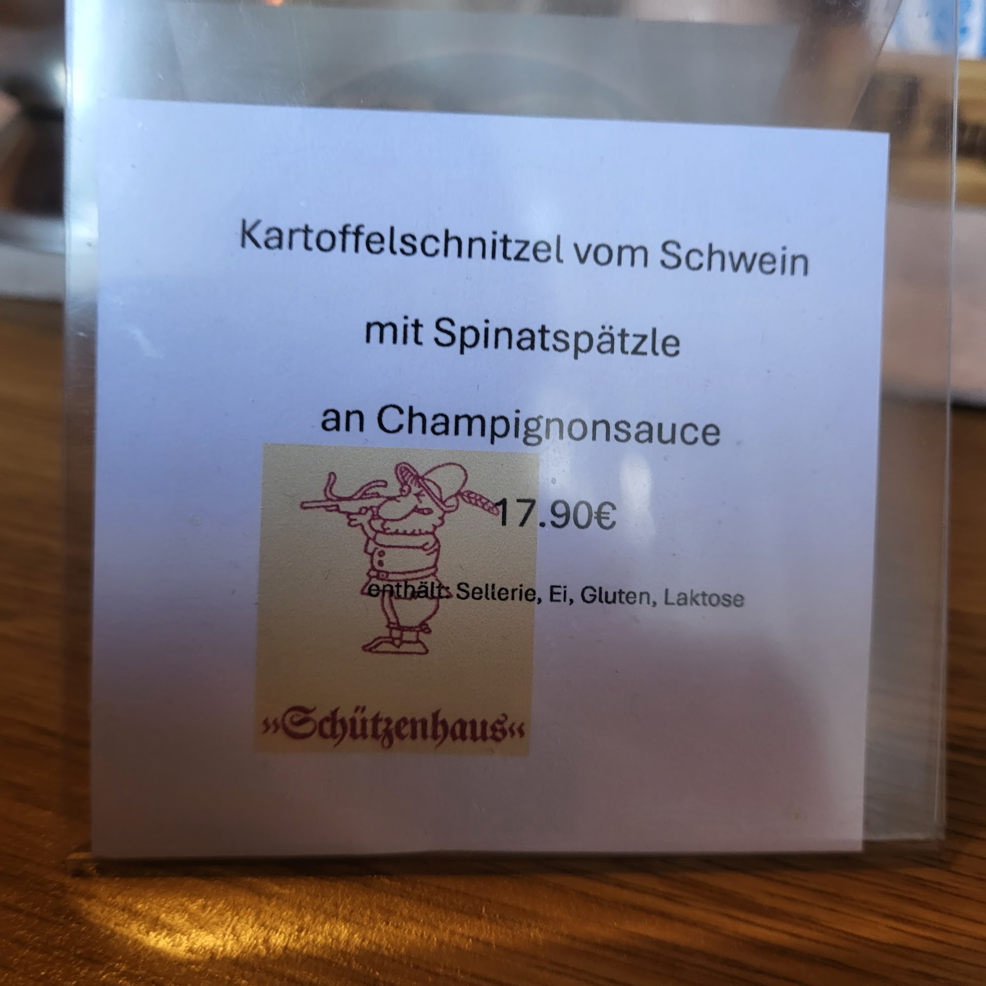 Wir haben uns nach dem dritten Eröffnungstag des SCHÜTZENHAUSES mit der Familie zu fünft einen Tisch reserviert (unbedingt nötig), haben den auch bei Ankunft bekommen und wurden auch gleich freundlich bedient.
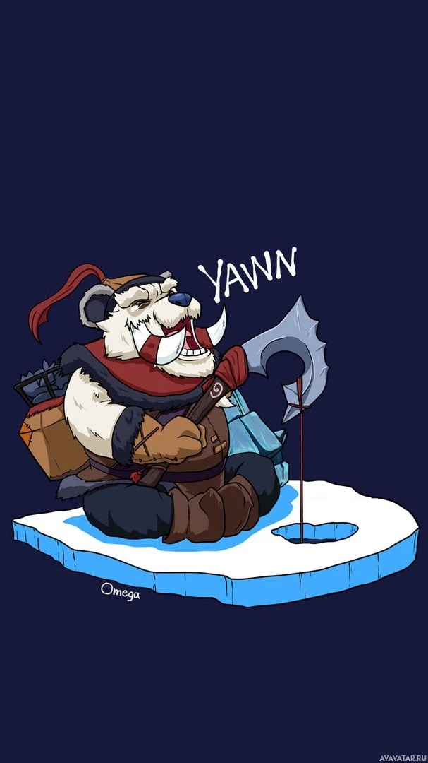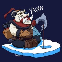 a small platform with blue ice-like elements surrounding it, giving the impression he's sitting on an iceberg or similar structure. The artwork is detailed and colorful, reflecting the character's design in the game.
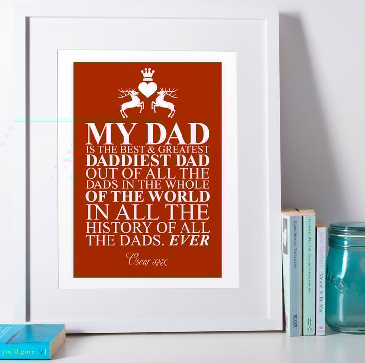 Leave your Dad in no doubt about how much you love him! This personalised Father’s Day print is the perfect way to tell everyone that you have the best dad in the world. Perfect for Dad’s & Grandad’s, this fun print is ideal for Father’s Day, birthday or Christmas. Leave Dad in no doubt that you love him to bits!
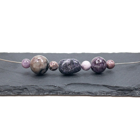 I picked a mix of purple-brown gemstones to stimulate the mind while holding you grounded and safe. Enjoy!
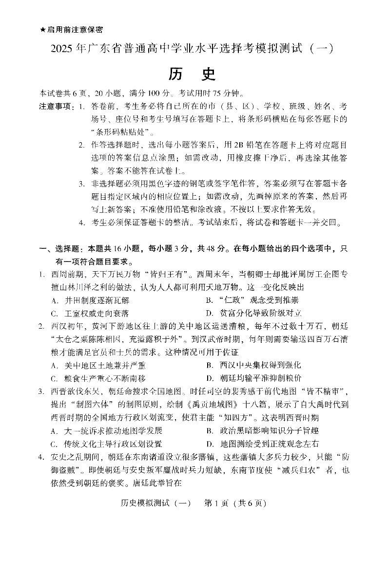 广东省2024-2025学年下学期高三高考模拟测试(一模)历史
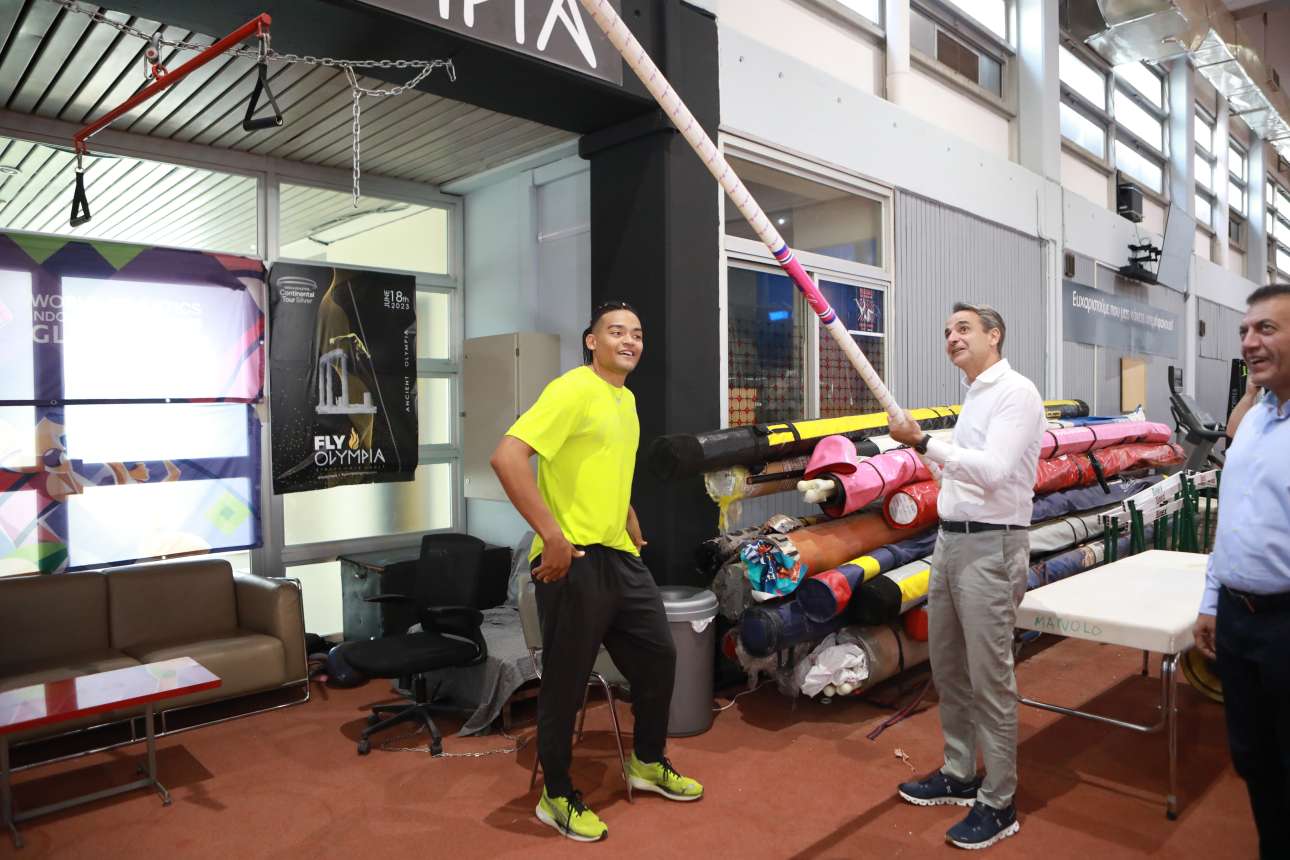 Στο προπονητήριο του ΟΑΚΑ, ο Πρωθυπουργός «δοκίμασε» με ένα γρήγορο run το ταρτάν, όπως και το κοντάρι του επί κοντώ στο σημείο της προπόνησης του «χάλκινου» στο τελευταίο παγκόσμιο πρωτάθλημα κλειστού στίβου, Εμμανουήλ Καραλή.

------------------------

Beginning at the line with "广东省2024-2025学年下学期高三高考模拟测试(一模)历史" and ending at the last line of the listing above, retype each line exactly, including those two lines. Leave the pictures out.

[Result of this exercise]:
 广东省2024-2025学年下学期高三高考模拟测试(一模)历史
 Στο προπονητήριο του ΟΑΚΑ, ο Πρωθυπουργός «δοκίμασε» με ένα γρήγορο run το ταρτάν, όπως και το κοντάρι του επί κοντώ στο σημείο της προπόνησης του «χάλκινου» στο τελευταίο παγκόσμιο πρωτάθλημα κλειστού στίβου, Εμμανουήλ Καραλή.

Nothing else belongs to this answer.